Once it's applied, you paint it. Anaglypta comes with many different embossed designs, there's one I've seen that looks so much like leather grain, it's really cool once coloured. You probably would only need one roll, so not so costly. Doing a whole wall can cost quite a bit, sadly. I've thought of putting in the kitchen for the backsplash, if they ever repair the drywall. But I digress.. then paint whatever colour you want, with a deep pile roller to get into the texture, and that's done. Pretty much any good latex paint will do, and dry quickly. Could even swipe a second colour on the surface of the embossed areas, if you wished. 

I would topcoat paint with a varnish, since you need to be able to wipe the surfaces clean now and then. Water base varnish dries in about a half hour, quick sand & you can get three coats on in one day in warm dry room. Shouldn't ever get water damage from splashes or drips with 3 coats on. Just another thought.


----------



## 50seven (Feb 14, 2010)

Yes, I used a rubber wood texture tool; cost was <$10 and very easy to use.

All done with latex paints- easy to top-coat with acrylic varnish


----------



## george (Apr 11, 2009)

Ok so went my Benjamin Moore today, got primer and a can of Advance paint, found a nice color (Bittersweet Chocolate), dropped by HD and picked up a Martha Stewart faux wood tool and a can of glaze.

Now its time to sand it down and prime it.
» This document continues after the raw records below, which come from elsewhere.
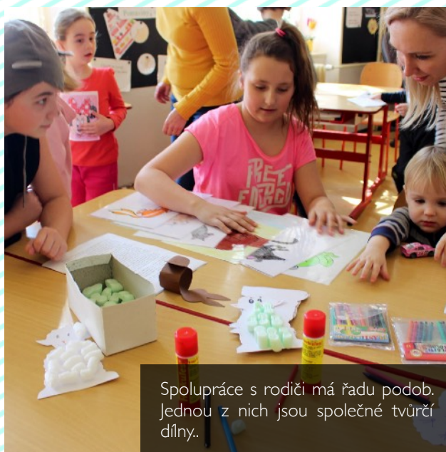
Spolupráce s rodiči má řadu podob. Jednou z nich jsou společné tvůrčí dny.

V září 2018 tak škola otevře dvě první třídy, vzhledem k nedostatku prostoru budou obě umístěny v tzv. Omáčkovně.
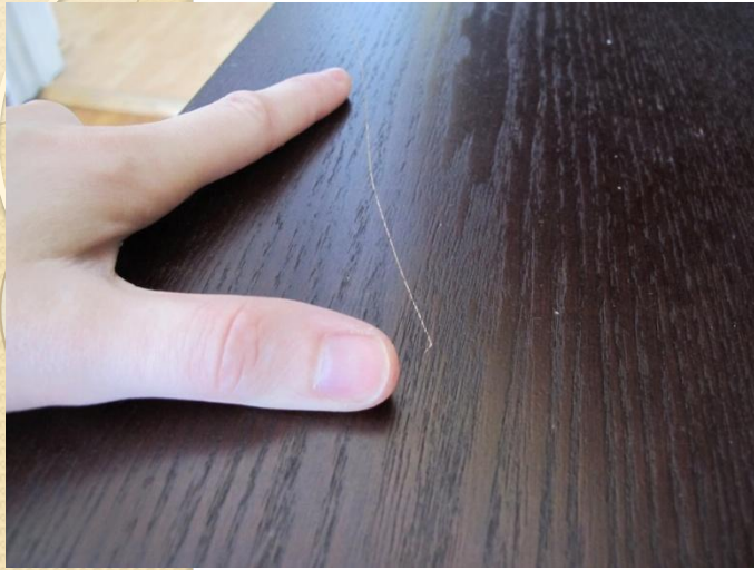
Мелкие царапины и потёртости
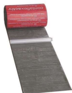
Svällande tejp ACS (på rulle, 9 m/st) För reparation eller komplettering av svällande beläggning
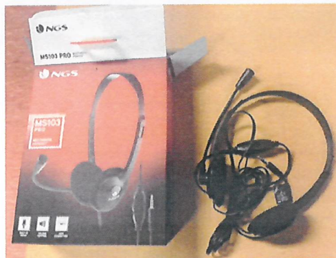
Auriculares con diadema.

When it comes to the paint, since I need to put two coats, first coat goes just paint and second I presume I combine the glaze and paint and create the fake wood design. Am I right in the step to follow?


----------



## 50seven (Feb 14, 2010)

george said:


> Ok so went my Benjamin Moore today, got primer and a can of Advance paint, found a nice color (Bittersweet Chocolate), dropped by HD and picked up a Martha Stewart faux wood tool and a can of glaze.
> 
> Now its time to sand it down and prime it. When it comes to the paint, since I need to put two coats, first coat goes just paint and second I presume I combine the glaze and paint and create the fake wood design. Am I right in the step to follow?


You need 2 different colours to get the wood grain look.

1st coat: you lay a good coat of the *lighter *colour; coat twice if necessary for full coverage.

2nd coat: mix the *darker *colour with the glaze. I use about a 25% paint to 75% glaze ratio. This is applied in small sections with a brush and then textured with the faux grain tool.

3rd coat (if desired): clear coat of acrylic polyeurethane

(For the example that I showed, I used BM #2106-10 "Java" for the light colour and BM #2143-10 "Night Horizon" for the dark colour.)


----------



## Andlaw134 (Aug 19, 2012)

Interested on how this worked out. Another option could have been to veneer the piece and then apply a new stain. Veneer is available at most Home renovation stores and you just coat each side with contact cement let it dry and it sticks together, (you only get one shot at it but with a little practice its not too dificult. Trim up the edges with a good utility knife.


----------